Front Lateral Raises: Muscles Worked, Exercise Demo, and Benefits

In earlier articles we discussed the lateral shoulder raise and all it has to offer to athletes than just size and increased muscle (which is ample). In this article, we will dive into the front lateral raise and discuss the specific importance it has in front rack positioning for weightlifters, pressing for powerlifters, and overall shoulder functionality and performing for fitness athletes. 

Muscles Worked

The front lateral raise is a variation of the lateral raise which has the lifter move the weights forward in the raise (instead of to the sides or back). Below is a list of the specific muscles groups targeted by this shoulder raise variation.

  • Anterior Deltoid (Front)
  • Lateral Deltoid (Lateral)
  • Trapezius

Front Lateral Raises Exercise Demo

Below is a great video demo by Seth Feroce, in which he instructs us on how to properly setup and execute the front lateral raise. Note the specific angles, grips, and variations one can do within a work set to target the front deltoid and maximize the blood flow and pump to the deltoid.

Benefits of the Front Lateral Raise

Below are some benefits of the front lateral raise, many of which are also discussed deeper in my lateral raise article (which includes some of the front and rear lateral raise variations).

Increase Size of the Anterior Shoulder

While this may not seem like a big deal for powerlifters, weightlifters, and functional fitness athletes, front lateral raises can offer us some specific benefits to positions we often find ourselves in throughout our individual sports. For starters, and type of pressing motion (bench, push press, handstand push ups, ring dips, etc) involve the anterior deltoid, which if not built up can lead to weakness in certain movements and poor performance. Secondly, weightlifters can benefit from larger shoulders (specifically the anterior deltoid) when holding front racks in the front squat and jerking movements.

Failure to have adequate shoulder shelf space can make the barbell sink lower onto your body and become very uncomfortable without the necessary padding (muscle mass). Lastly, functional fitness athletes reap benefits simply because they are performing many of the same movements as strongmen, powerlifters, and Olympic weightlifters.

Pressing Strength and Performance

As described above in terms of barbell positioning with larger front deltoids, having more muscle mass in the anterior (front) deltoid often leads to great strength and power when those specific muscles and movements are trained.

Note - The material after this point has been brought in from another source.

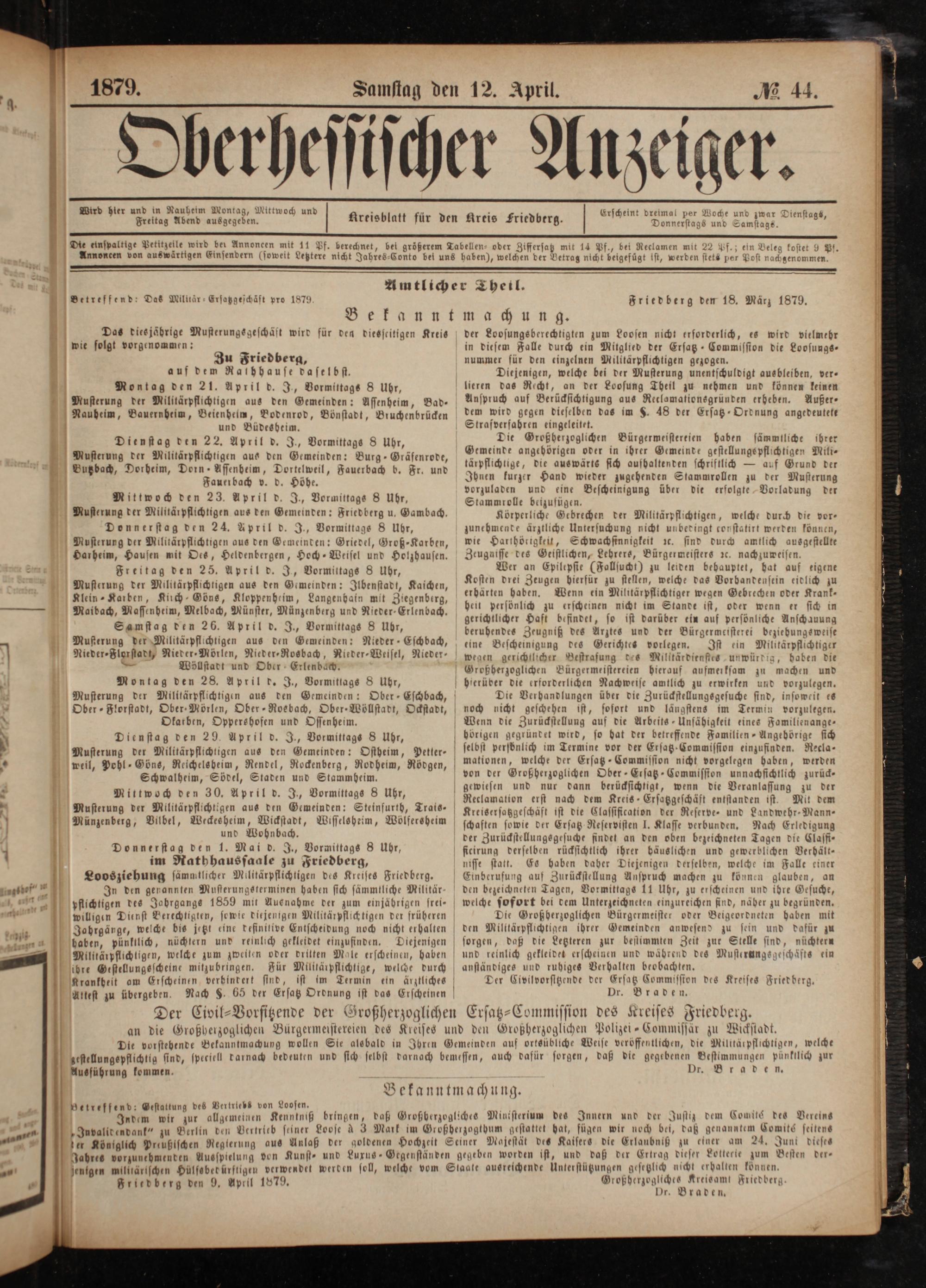 Fautrbach v. d. Höhe. Mittwoch den 23. April d. J., Vormittags 8 Uhr, Musterung der Militärpflichtigen aus den Gemeinden: Friedberg u. Gambach. Donnerstag den 24. April d. J., Vormittags 8 Uhr, Musterung der Militärpflichtigen aus den Gemeinden: Griedel, Groß-Karben, Harheim, Hausen mit Oes, Heldenbergen, Hoch-Weisel und Holzhausen.

Having a great amount of raw muscle in a given area can lead to better strength in the bench press, strict press, dips, and other anterior pressing movements.

Strengthen Shoulder Stabilizing Muscles

Increasing the specific strength, performance, and movement of many of the smaller, more isolated muscle in the shoulder (and throughout the body) can often improve joint stability and control, which is key for any athlete and individual looking to lead a lifelong and healthy fitness/athletic lifestyle. Granted, these movements alone will not make you bulletproof, but adding raises and other shoulder joint movement and strengthening exercise into the mix can surely aid in optimal performance and function.

Sets x Reps

Training the shoulders with front lateral raises and other raise variations can be tricky, especially since there is a wide amount of advice out there on rep schemes, sets, and the amount of weight to be used. As a general disclaimer, I would not recommend going very very heavy with this movement, as the single joint mechanics of this under high load could end in more injury than results.

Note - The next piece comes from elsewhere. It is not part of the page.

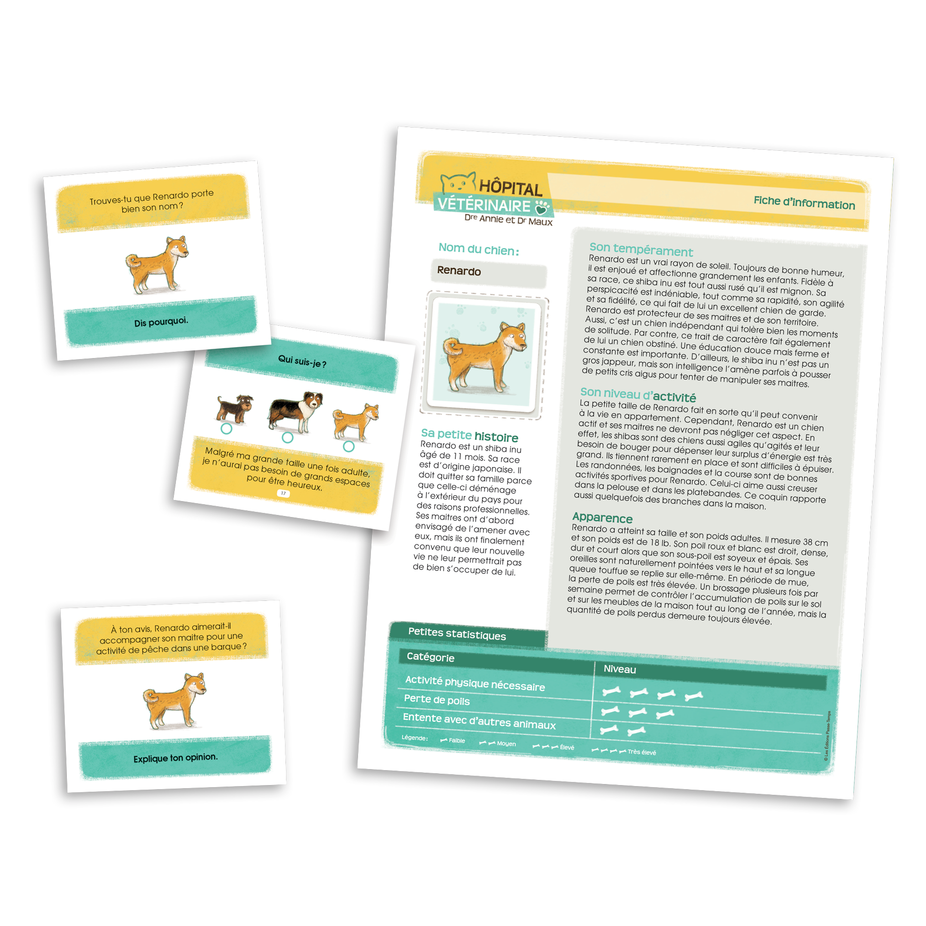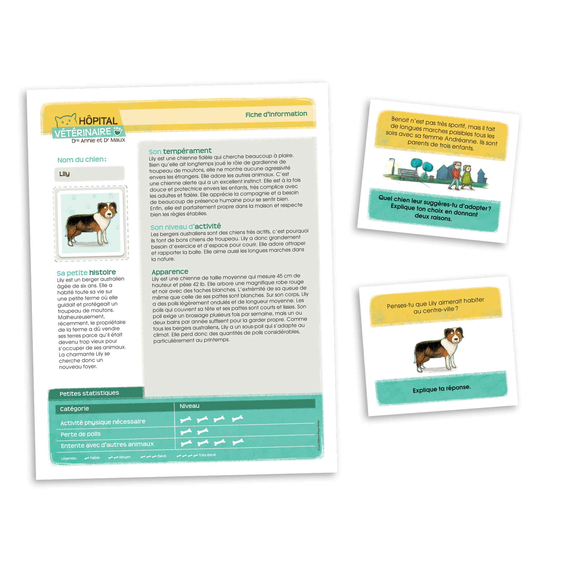 La Dre Annie et le Dr Maux ont organisé une journée d’adoption canine. En partenariat avec des refuges de la région, plusieurs chiens abandonnés sont disponibles pour une adoption à l’hôpital vétérinaire. Les apprentis vétérinaires doivent se renseigner sur ces chiens pour conseiller adéquatement les familles adoptives dans leur choix. Ils devront tenir compte de tous les éléments recueillis, de leurs connaissances sur le monde et de leurs expériences personnelles. Ils auront également à justifier leurs choix avec des arguments convaincants.

That said, Jim Meadows (the man behind the Meadows Row) would often do partial raises with heavy dumbbells and have good success, so the decision is up to you. As far as my general recommendations, 3-4 sets (however I have discussed with some lifters who perform 6-10 sets, for all of the raise variations) of 8-15 reps, as the blood flow to the muscle and the pump is key to adding size and volume.

When to Do Them

In an earlier article we discussed how to categorize a the lateral raise (very similar to the front lateral raise movement) as either a push or pull exercise. When looking at that decision, we had to determine which muscle groupings would make the most sense to perform those with, which in the end was decided to pair with shoulders (push) as the variation best suited that day.

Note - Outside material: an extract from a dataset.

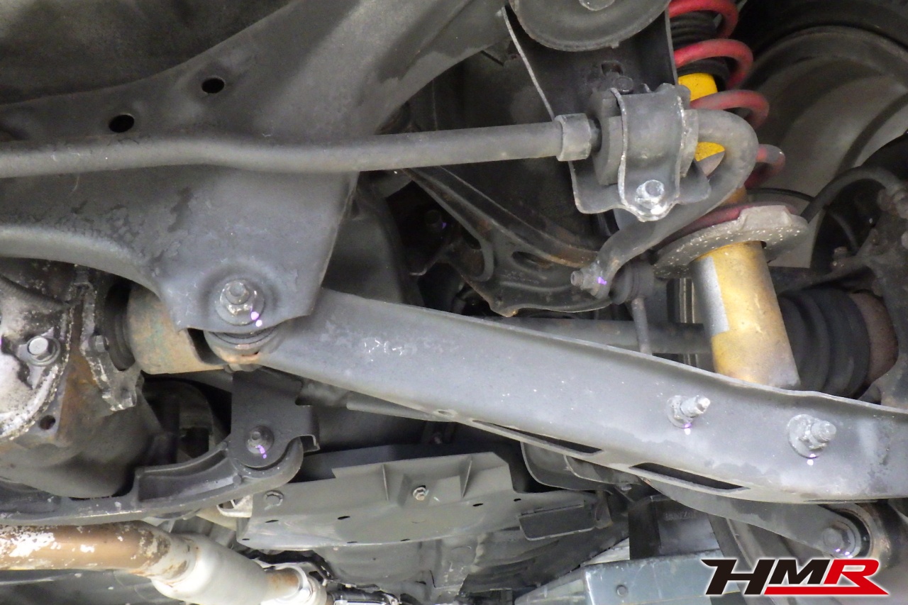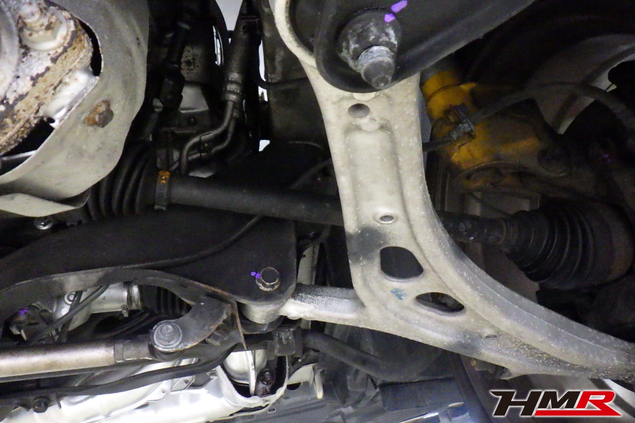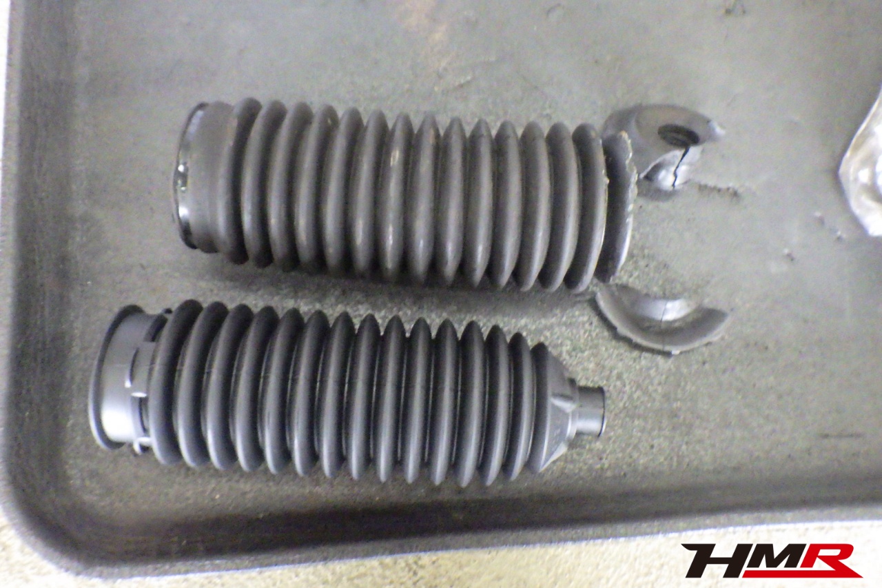 ハブベアリング・ボールジョイント、アーム・リンク類のガタ、ブッシュ・ブーツ類の劣化、エンジン・ミッション・デフからのオイル漏れと各マウント類、タイヤ溝の残量、空気圧の点検しました。左側ラックブーツが切れていましたので交換しました。

In the case of the front lateral raise, similarities exist, and point towards this movement targeting even more of the anterior head of the shoulder. It is for this that I would recommend performing front lateral raises on push days so that you can tax the shoulders and then perform movements in the following day where the anterior head of the shoulder will not drastically impair performance (such as on a back or pulling day).

Go Forth and Build Better Deltoids!

Building stronger, healthier, and more muscular shoulders doesn’t need to be guesswork or rocket-science. In the above article we broke down the movement and offers the answers to “why” you shoulder do more shoulder isolation training, perfectly accompanied with the exact “how-to” video you need to master front lateral raises. Enjoy!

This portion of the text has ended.